There are several reasons why cold weather is particularly challenging for those who suffer from asthma.
“The biggest one that comes to mind is infection rates,” says Dr. Canfield.
Certain viruses, including the flu, and illnesses such as upper respiratory infections are more frequent in winter. We tend to spend more time indoors, which means we’re in close contact with others who may expose us to these contagions, thus potentially worsening asthma’s bronchial symptoms.
A host of allergens poses another threat when we hunker down inside and keep the windows closed. Seemingly innocuous things like pet dander and house dust to more problematic issues like mold can worsen or trigger asthma symptoms. Airways of the lungs can become inflamed and swollen, and asthma sufferers may experience increased coughing and wheezing.
“Getting allergy tested and getting the advice of an allergist is helpful,” says Dr. Canfield. “It’s important for people to know if they have allergic triggers to their asthma and how to avoid those.”
There are specific things you can do around the house to limit your exposure, such as using allergen-proof bedding and covers, avoiding excessive humidifying, and ensuring proper ventilation in your home.
Threats don’t solely exist indoors, however.

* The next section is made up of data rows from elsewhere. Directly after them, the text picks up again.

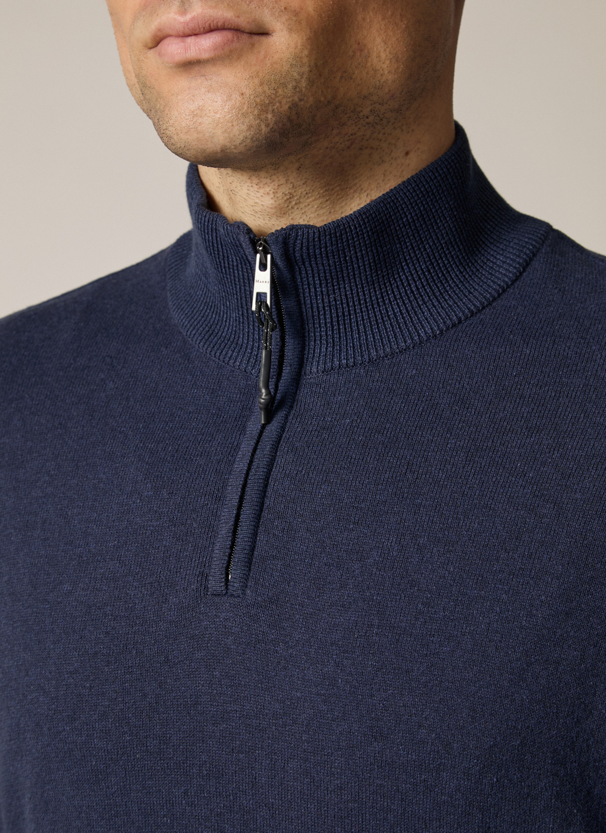 Der Pullover im Regular Fit zeigt sich mit Troyer Kragen und Rippendetails an Saum und Kragen. Der Pullover überzeugt durch seinen klassischen, sportlichen Look und den praktischen Reißverschluss am Kragen, der je nach Wunsch geöffnet oder geschlossen getragen werden kann. Material: gefertigt aus Baumwolle ist der Pullover besonders hautfreundlich und atmungsaktiv. Haptik: weich und leicht im Griff. Styling-Tipp: für einen Eleganten Look mit einer farblich passenden Stoffhose oder alltagstauglich zu Jeans.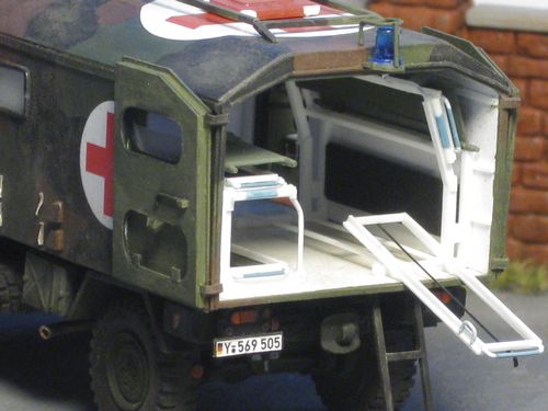 Eigenbau des Sanitätskoffers samt Inneneinrichtung aus Evergreen Styreneteilen und Profilen. Umbau der Dachaufbauten (Abweiser, Dachluken). Viele Ergänzungen angebracht. Änderungen am Fahrwerk. Lackierung Revell Matt 65 mittels Airbrush. Nato Tarnung lt. Tarnplan der Bundeswehr. Weathering mit Ölfarben und Pigmenten von MIG. Decals von TL.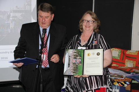 When my home was destroyed I lost my copy of the certificate and presentation photo that all who participated in the construction of the Centenary Quilt received. On Saturday night RADM Jones presented me with another copy of the certificate and photo,
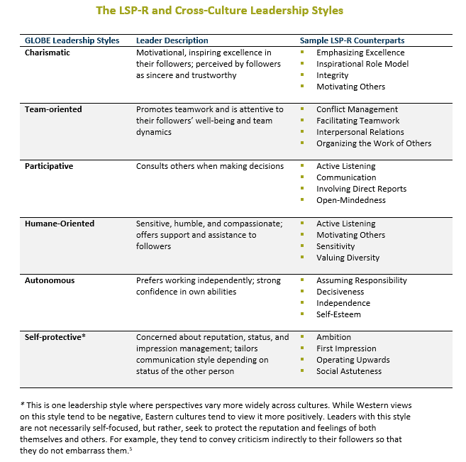 Take for example, the GLOBE project.[5] Researchers gathered a large cross-cultural sample of leaders. They then examined six different leadership types that have been demonstrated around the world, and evaluated the popularity of these approaches across clusters of countries. Charismatic and team-oriented leadership were positively valued by most country clusters, and self-protective leadership was perceived negatively by most country clusters. Each of the six leadership types observed as part of the GLOBE project are largely covered by LSP-R competencies. These styles and their LSP-R counterparts are summarized in the table below.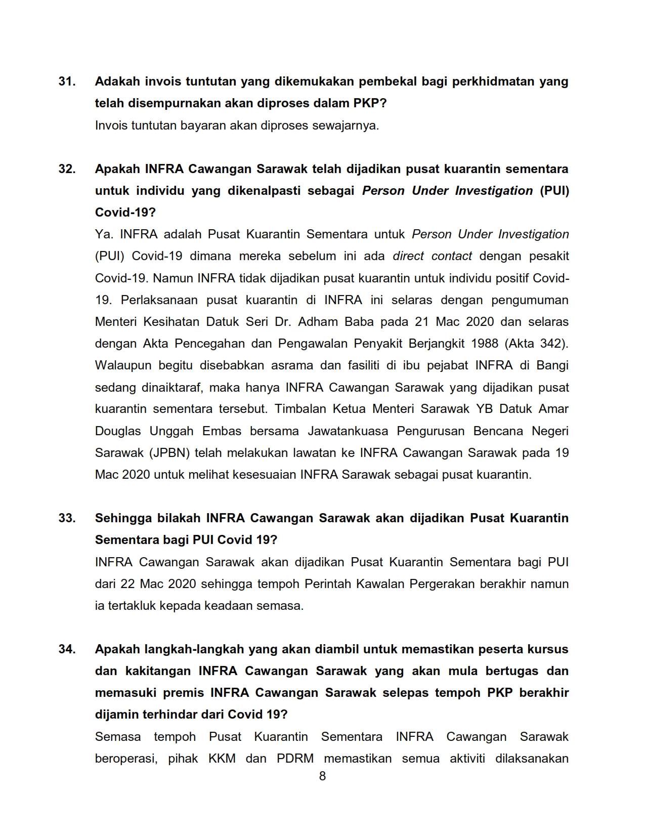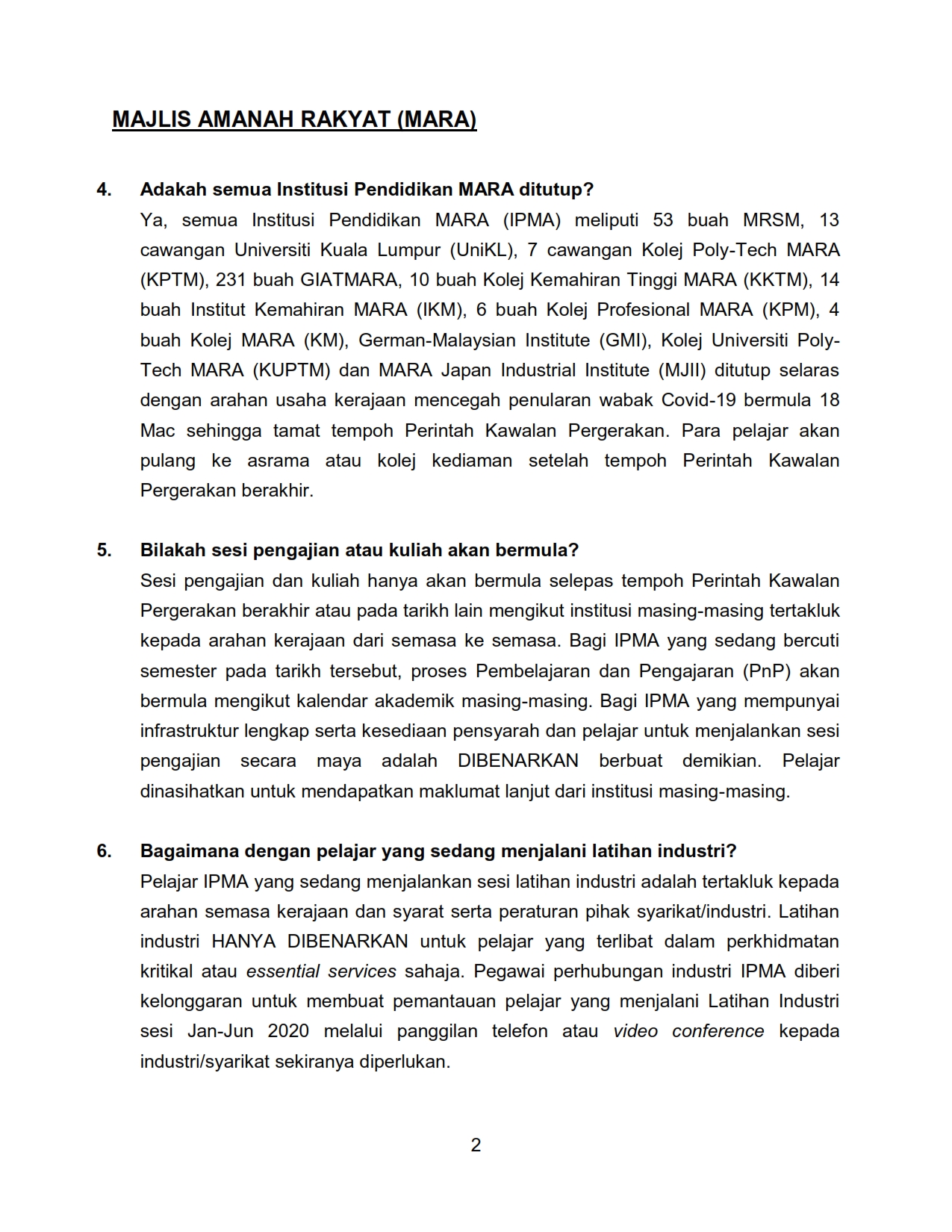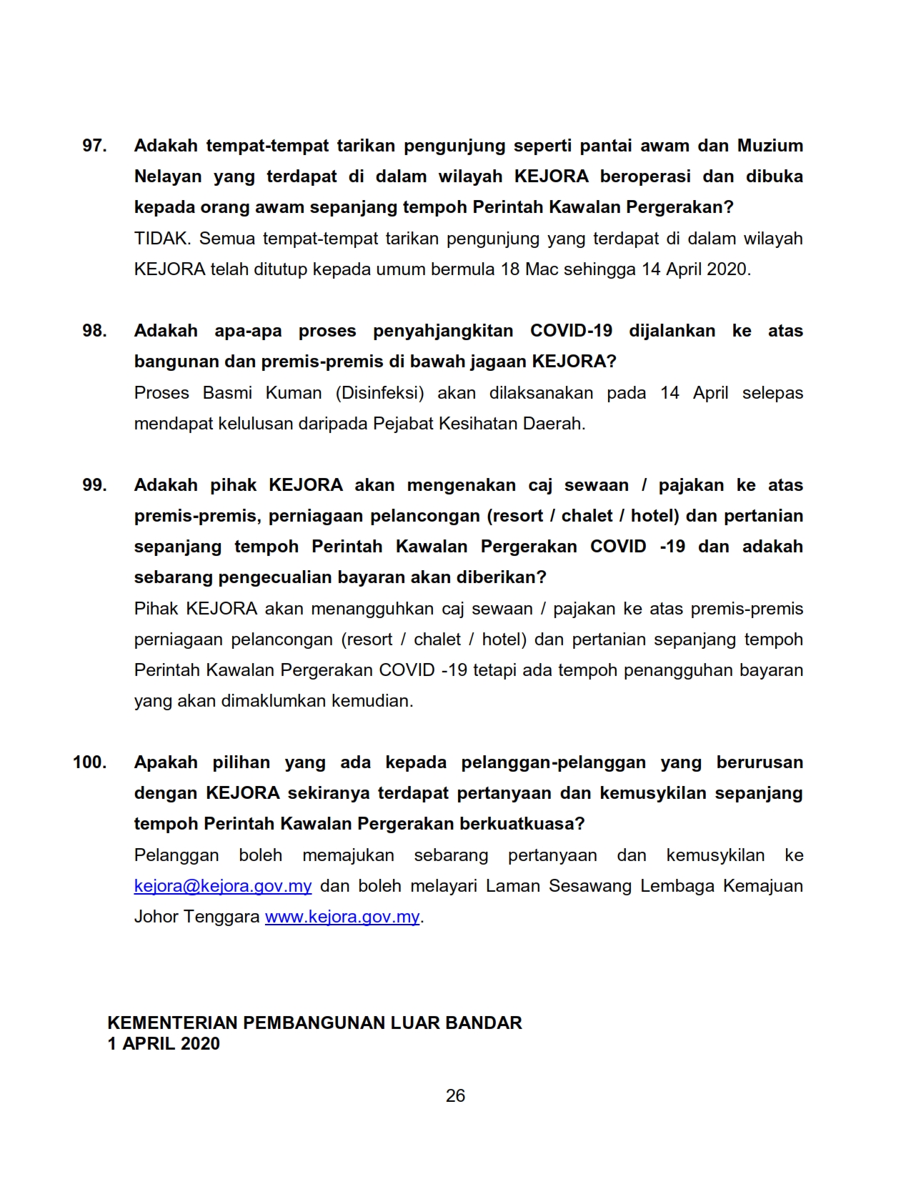 FAQ - Berkaitan Perintah Kawalan Pergerakan KPLB Bil.2 01/04/2020 Aiman FAQ 01 April 2020 Hits: 1782 Rating: ( 0 Rating ) Please Rate Vote 1 Vote 2 Vote 3 Vote 4 Vote 5 /bencana2/images/ndcc/documents/covid19/faq/SIARAN_MEDIA_KKM_20200401_10.pdf Facebook Twitter Prev Next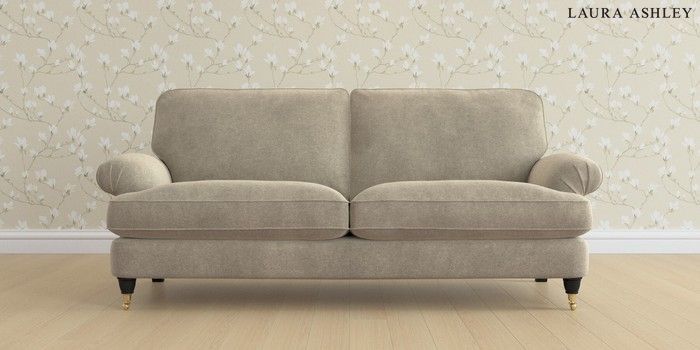 6.12.1 Buy Beaumaris by Laura Ashley 3 Seater Sofa Lundar Chenille Truffle Natural Low Brass Castor - Black from the Next UK online shop Click here to use our accessible website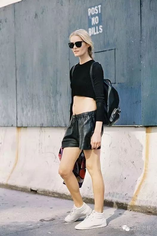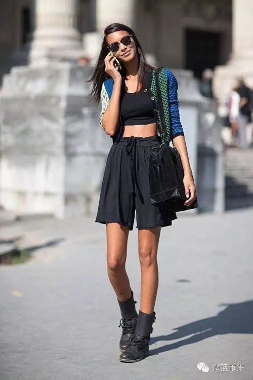 高腰短裤,露出腰线,营造腰线以下都是腿错觉

“Cold air is typically an irritant in the airways. The other aspect of winter is that it’s very dry, and low humidity can also act as an irritant,” Dr. Canfield explains. “The dual factor of cold and dry [air] tends to promote having tight airways and having trouble breathing.”
Breathing cold air through your mouth rather than through your nose can pose a risk. So can rapid, heavy breathing, such as when you exert yourself while exercising or shoveling snow. Your airways cool quickly, potentially resulting in irritation and bronchospasm (tightening of the airways).